AF-S 50mm /1.8G lens from Nikon. A 50mm prime lens is hard to beat for versatility, pleasure, and learning photography. They’re quick, which means they’re good in low-light situations and can produce a wonderful fuzzy backdrop while keeping the subject crisp. They are reasonably priced. They’re frequently razor-sharp. They’re also compact and lightweight. This is the version /1.8. Nikon also offers a B&H Photofaster /1.4 version, but it costs nearly twice as much. Because the D3400 has a cropped DX sensor, the 50mm lens will be slightly telephoto, equivalent to a 75mm lens on a full-frame camera (i.e., 35mm equivalent). As a result, whether you’re capturing formal portraits or candids of your family, it’s an excellent portrait lens. If you like a more classic “genuine” 50mm viewpoint, use the 35mm/1.8G on the D3400 instead.
Body Cap for Nikon D3400
If you’re moving or storing your D3400 camera body without a lens attached, you should put a body cap over the lens opening. This keeps dust and moisture from entering and wreaking havoc (and pesky dust bunnies on your photos).
One is included with the camera, however they are often misplaced. The replacement part’s model number is BF-1B. This is the same cap that is used on all Nikon F-mount camera bodies. And there is an excellent opportunity to save money by using an aftermarket version. They’re frequently marketed in conjunction with a rear lens cap, as both are required when removing a lens.
Rubber Eyecup for Nikon D3400
If the rubber eyecup is knocked off while removing the camera from its bag, the replacement part model number is DK-25. There are also slightly less expensive aftermarket models available, such as those made by Vello or JJC.
Nikon D3400 Battery Dummy
A battery dummy is used to provide longer-term power to the camera. They’re particularly excellent for time-lapse photography, astrophotography, and using your D3400 as a webcam.
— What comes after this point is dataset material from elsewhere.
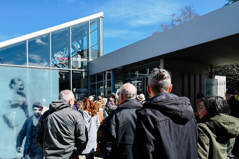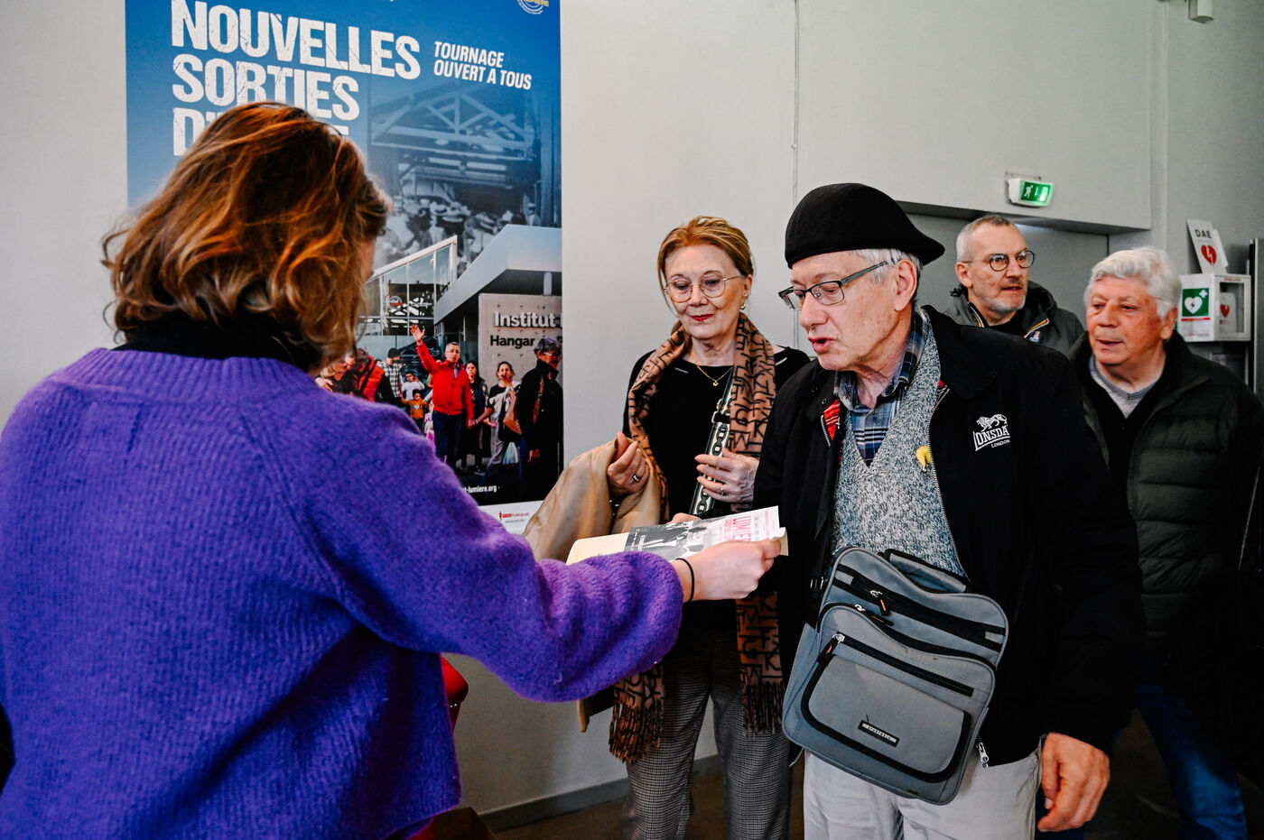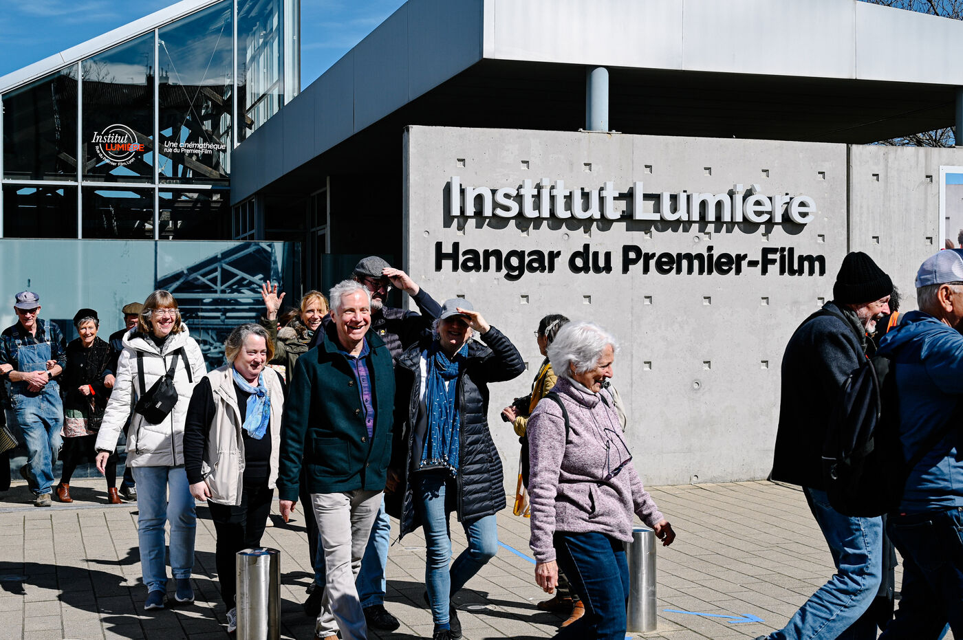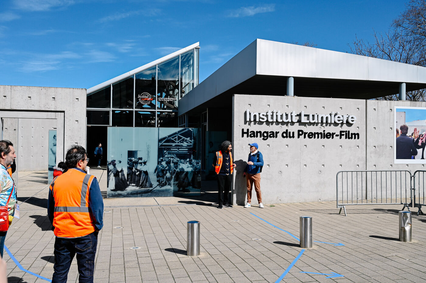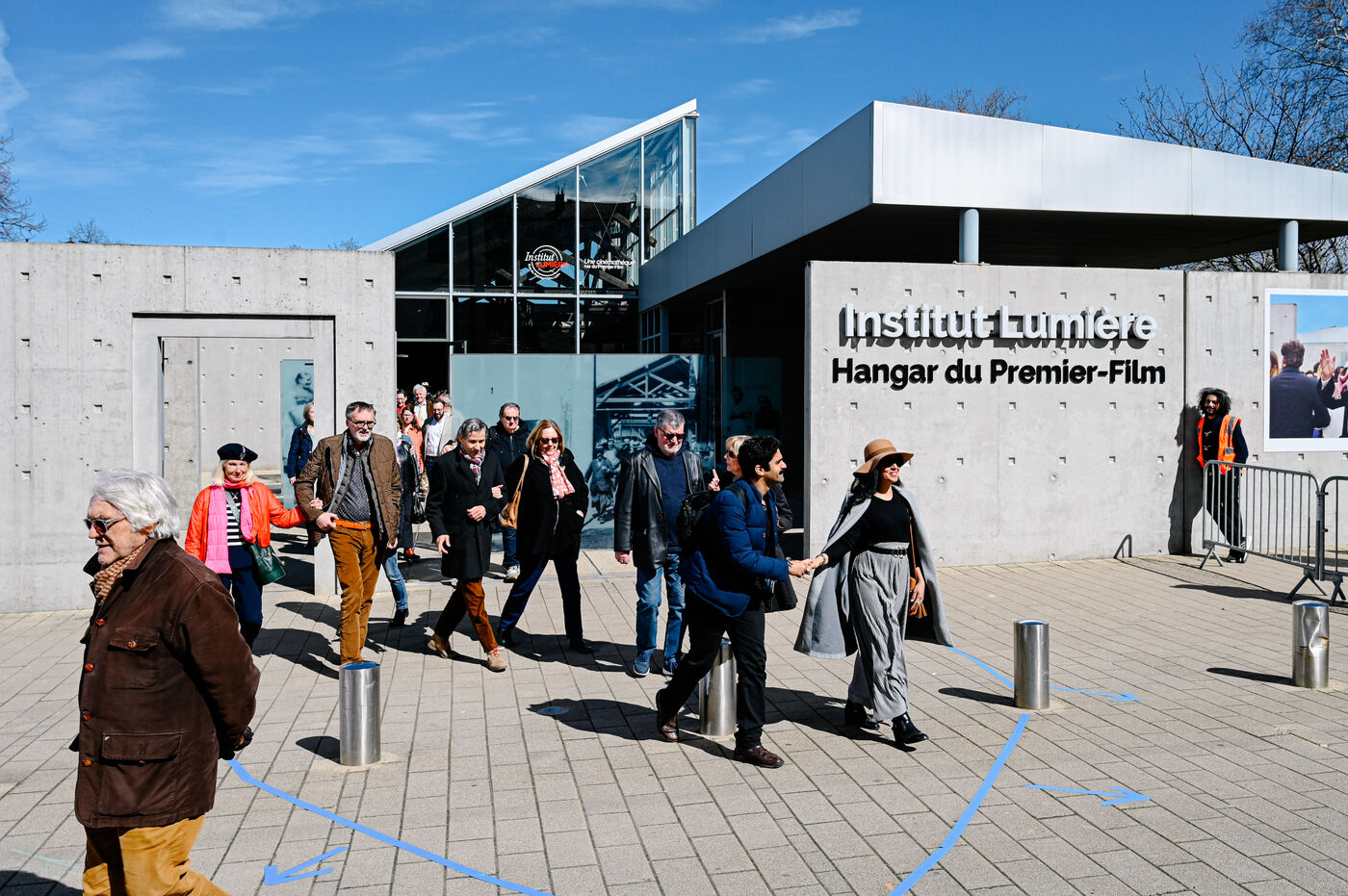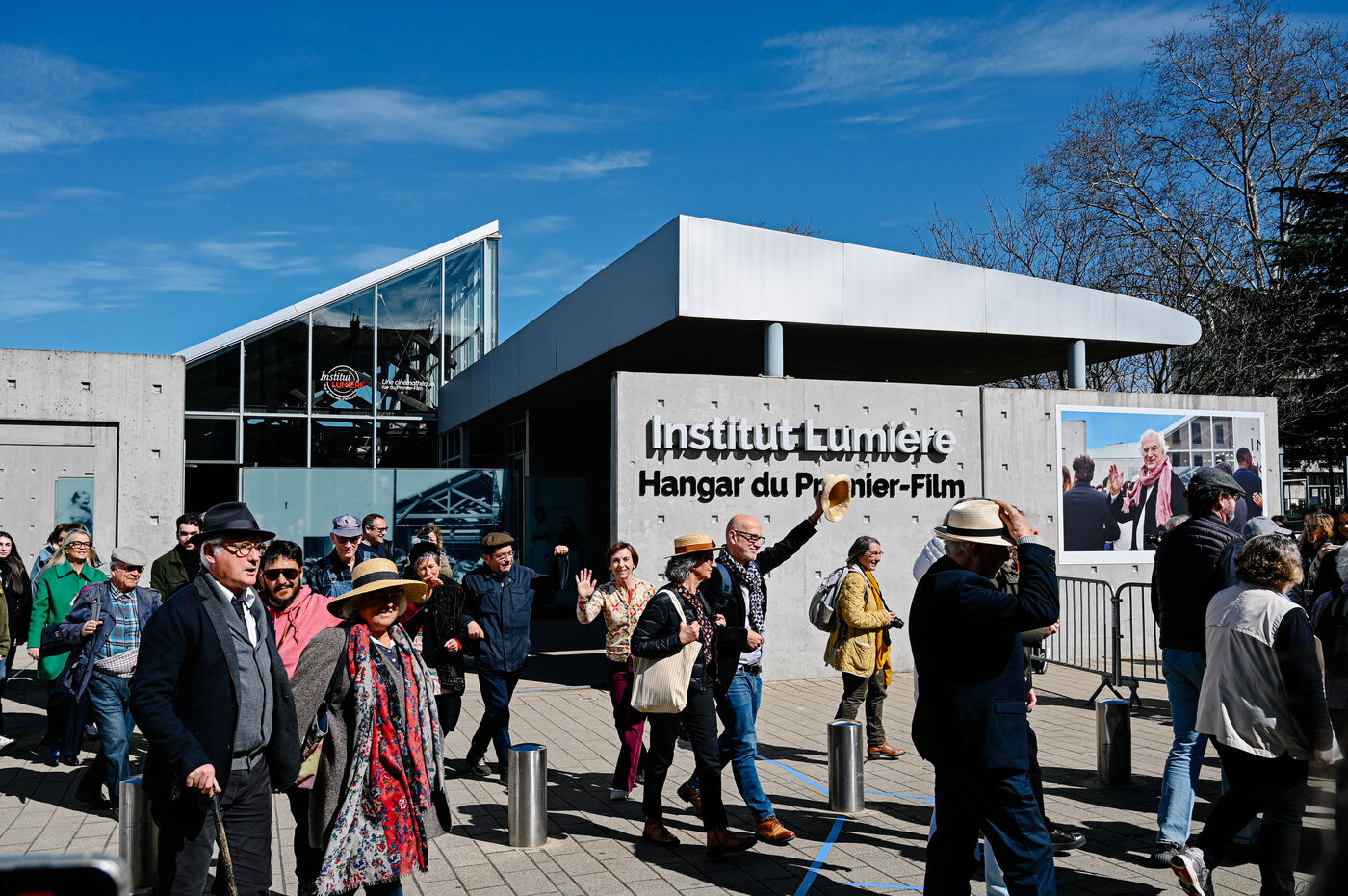 Pour l’occasion, des figurants ont été invités à rejouer la scène mythique de la sortie des ouvrières et ouvriers, redonnant vie à ce plan fondateur de l’histoire du cinéma.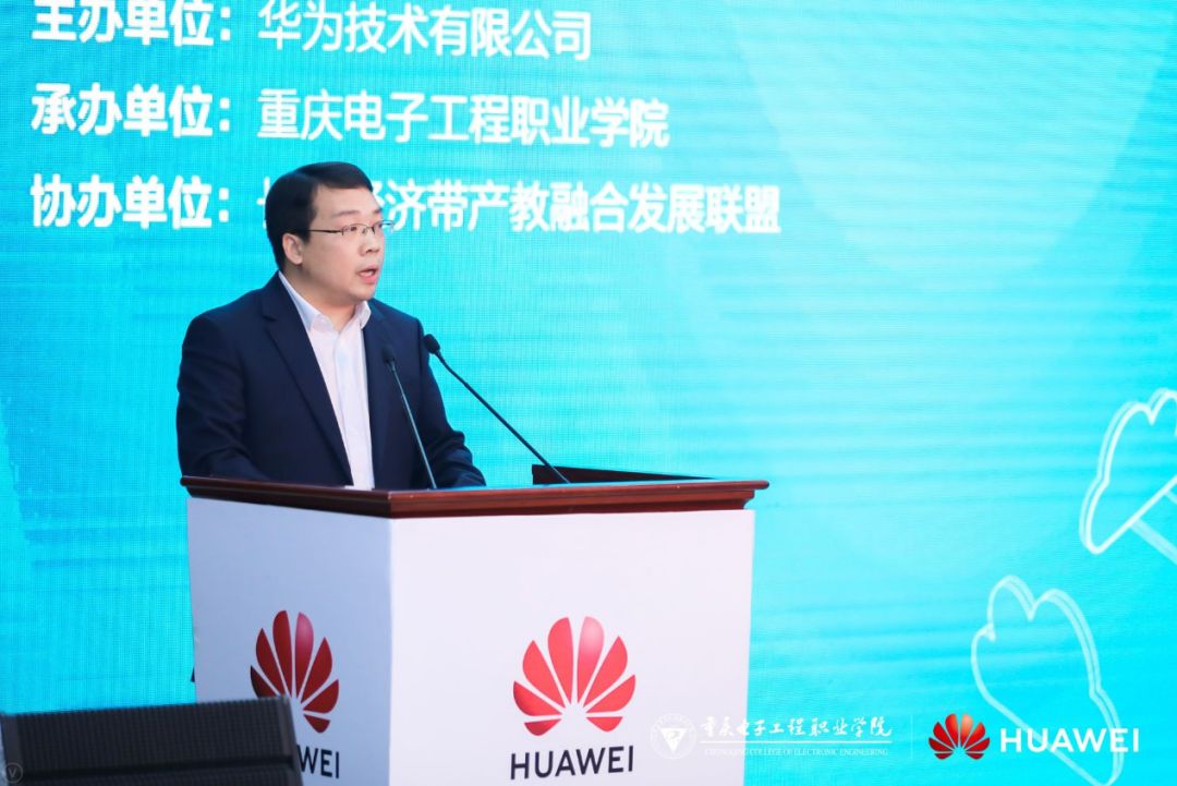 重庆电子工程职业学院书记孙卫平首先代表学校,向各位领导、专家的到来表示热烈欢迎。他指出,重庆电子工程职业学院依托“新一代电子信息和智能化”专业特色优势,与重庆发挥“三个作用”国家战略和重庆智能产业实现产教对接、科教并进。为深化产教融合校企合作,助力高端产业和产业高端,学校与华为合作建立了“重电-华为ICT学院”,依托华为ICT学院,学校将基于ICT通信学院专业群扩展到“人工智能与大数据学院”、“电子与物联网学院”、“ICT通信学院”三大合作专业群,校企合作培养在校生人数拓展到11000余名,重庆电子工程职业学院已连续四年荣获“优秀华为信息与网络技术学院”。 重庆电子工程职业学院书记孙卫平

It’s an add-on that slots into the battery compartment of your camera. It does not supply power on its own, but it is connected to a wire that may be connected to other power sources such as AC power or a larger battery pack.
The official Nikon model is the EP-5A. Aftermarket versions are also available. Some merely provide the dummy battery, while others include AC adapters.
OUR FINAL THOUGHTS
Now that you know how to charge your Nikon camera, go out and take some pictures!
The last thing I want is for my readers to be frustrated with their new purchase. Go on – get out there and make the world a prettier place one photo at a time
FREQUENTLY ASK QUESTIONS
Is it possible to charge a Nikon camera without a battery charger?
Even if you don’t have a charger, you can charge the camera battery in an emergency.
Is it possible to charge a Nikon camera battery via USB?
Image for how to charge a Nikon camera
Many cameras nowadays allow you to charge the battery by plugging it into a USB power source. Instead, you must remove the battery from the camera, place it in an external charger, then connect the charger to a power source. The charger for the batteries in the D3400 is model MH-24.
What is the best way to see if my Nikon camera is charging?
Charging begins when the camera is linked to an electrical outlet while the battery is installed, as illustrated. While the battery is charging, the power-on lamp progressively glows green. When the charging is finished, the power-on lamp turns off.